Back and/or neck pain are a prevalent
issue in society today and it is estimated that 149 million work days are lost
every year in the United States at a cost of $100-200 billion [i.e. lost wages
and decreased productivity] due to low back pain alone.[1],[2],
[3]
The World Health Organization reports that currently the primary treatment for low back pain is analgesic
medication and that the causes for its provocation are rarely addressed.[4]
This ineffectual treatment protocol isn't necessarily the fault of the
rendering primary care physician due to their “inadequate preparation for
practice in the real world” with regards to musculoskeletal medicine.[5]
In November 2014, DiGiovann, et al reported that North American medical schools
have limited time devoted to musculoskeletal education and cite that only 30%
to 40% of schools have required instruction in the musculoskeletal system.[6],[7],[8]
This is unfathomable when the average total health expenditure per person
with back and/or neck pain in the United States is 73% greater than for
individuals in other countries.[9],[10]
The time has come for a truly unbiased and integrative approach to the
treatment of low back and neck pain a fact that has been evident within the
medical community since 1999.[11]
In July 2011, Murphy et al
published a commentary expressing the need for the implementation of a
primary spine practitioner (PSP) to effectively triage patients experiencing
spine related disorders (SRDs), conditions that include back pain, neck pain,
many types of headache, radiculopathy, and other symptoms directly related to
the spine.
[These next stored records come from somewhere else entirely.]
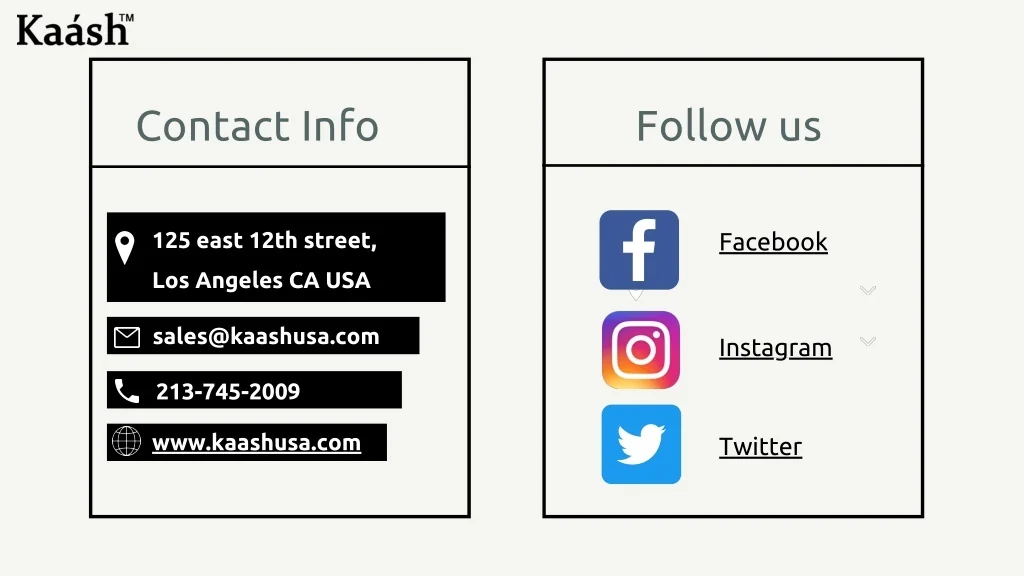 Contact Info Follow us 125 east 12th street, Facebook Los Angeles CA USA sales@kaashusa.com Instagram 213-745-2009 www.kaashusa.com Twitter
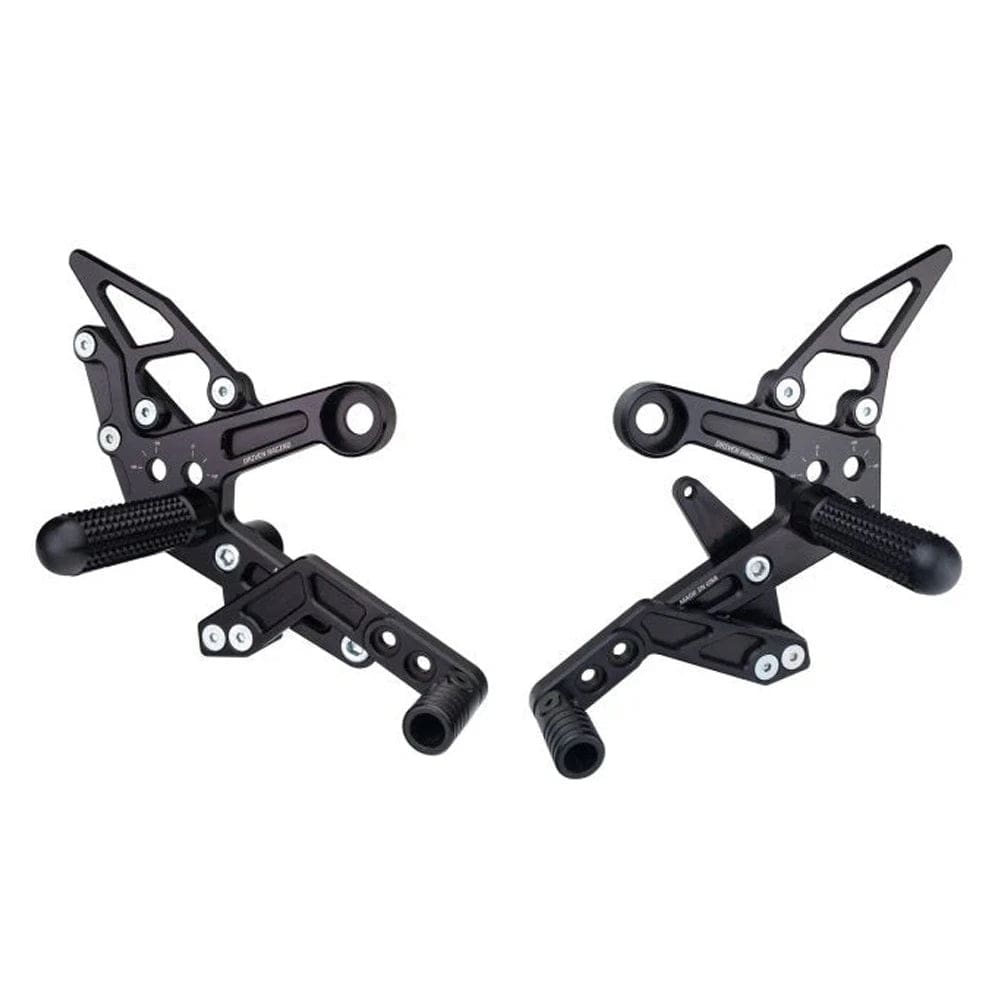 DESCRIPTION: Driven Racing TT Rearsets for the Honda Grom (2014-2016).Features include high grade hardware, adjustable folding toe pegs, choose from standard or reverse shift with no modifications, 4 different mounting positions up to 18mm up and 18mm back from new “0” position and new lightweight TT design!Made in USA.
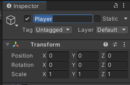 此时,Hierarchy窗口中,将多出一个"Player"角色:
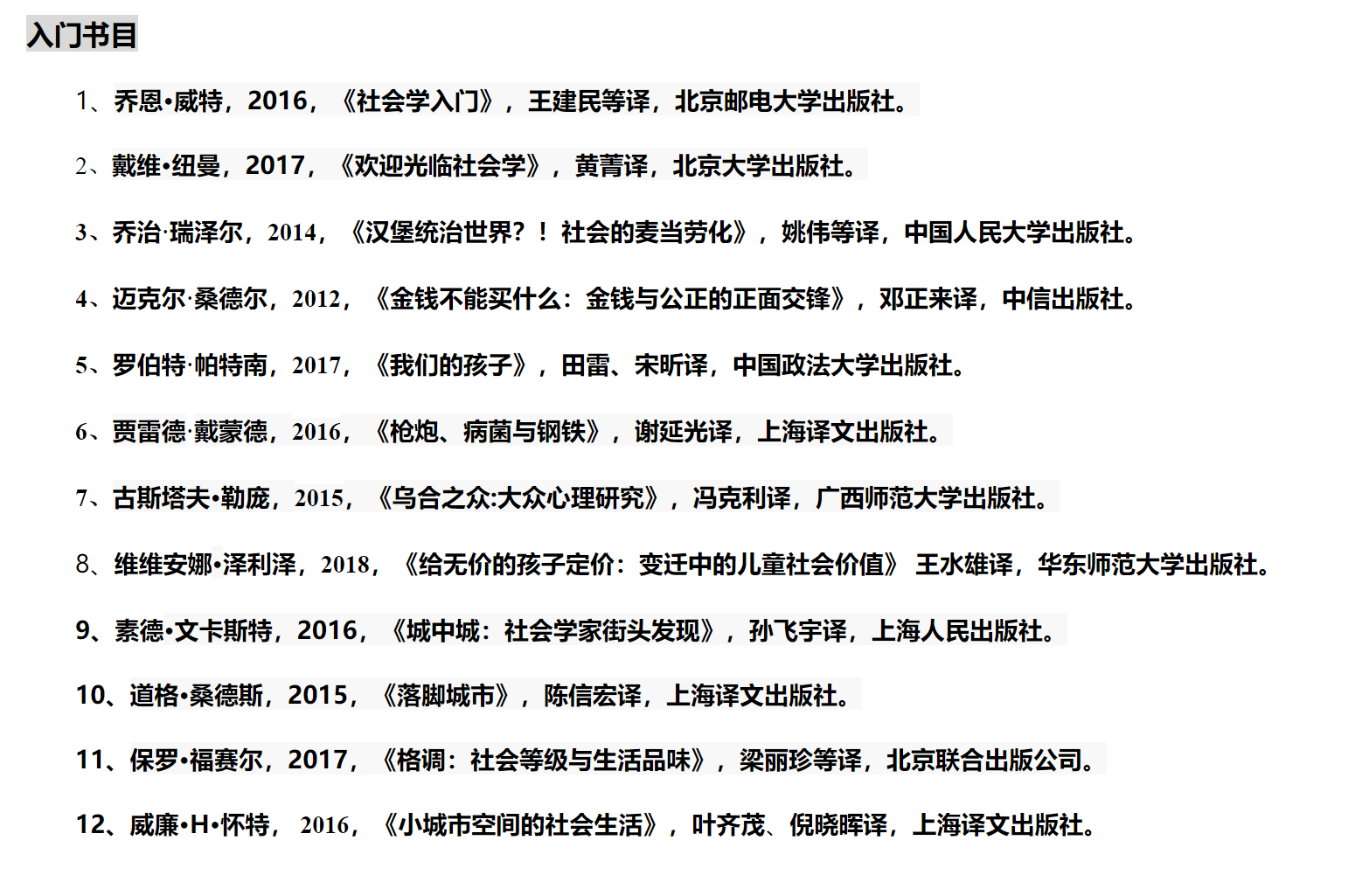 社会学院学风优秀,社院学子时常一同结伴图书馆打卡,于书林间一隅与经典相谈甚欢。学院也贴心地为大家准备了一份书单,从入门到精深,由浅入深 ,让每位学子充分感受到社会学的魅力。
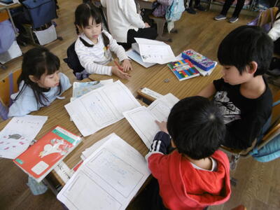 「スイミー」と言えば、みんなが知っているレオ・レオニ作の絵本です。1年生の国語の教科書にも、教材として掲載されています。子どもたちにも大人気!学校や家で繰り返し音読しては、お話の世界を楽しんでいます。「ところで、スイミーって、ひとつの文にして表すと、どんなお話かな?」子どもたちは、「〇〇〇なスイミーが、〇〇〇して、〇〇〇するお話。」という文で、お話の内容を上手にまとめながら、友だちと一緒に楽しく学習を深めています。
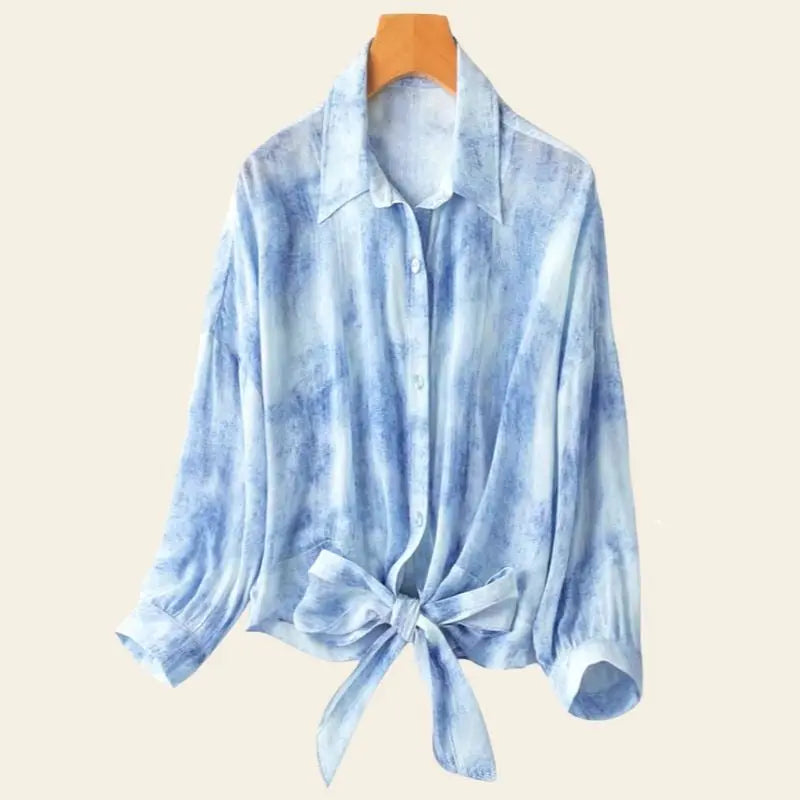 Le chemisier fluide bleu ciel à nœud en soie de mûrier s’accorde à merveille avec un pantalon en soie, une jupe midi élégante ou un jean casual pour un style contrasté. Idéal pour le printemps et l’été, il peut se porter seul ou accompagné d’un blazer léger. Une source d’inspiration pour toutes les occasions.

They state that the PSP “would function as the first contact for
patients with SRDs, i.e. the first practitioner that a patient consults when he
or she develops a spine problem and could also function as a resource for
traditional PCPs (family practice physicians, general internal medicine
physicians, pediatric, obstetrical/ gynecological physicians, primary care
nurse practitioners or physician’s assistants) to refer patients who present
with SRDs”. This implementation exhibits potential benefits to SRD patients (i.e. faster recovery,
cost savings, iatrogenic[12]
disability avoidance, increased productivity, decreased likelihood of becoming
a chronic pain sufferer, high patient satisfaction, focus on prevention), our society ( i.e. knowledgeable care
coordinator, SRDs as a public health initiative, improved worker productivity,
less long term disability), and the overall
healthcare system (i.e. controlling costs, unburdening traditional PCPs,
more strategic specialist referrals, disruptive innovation, standardization of
care, new evidence and technologies). [13]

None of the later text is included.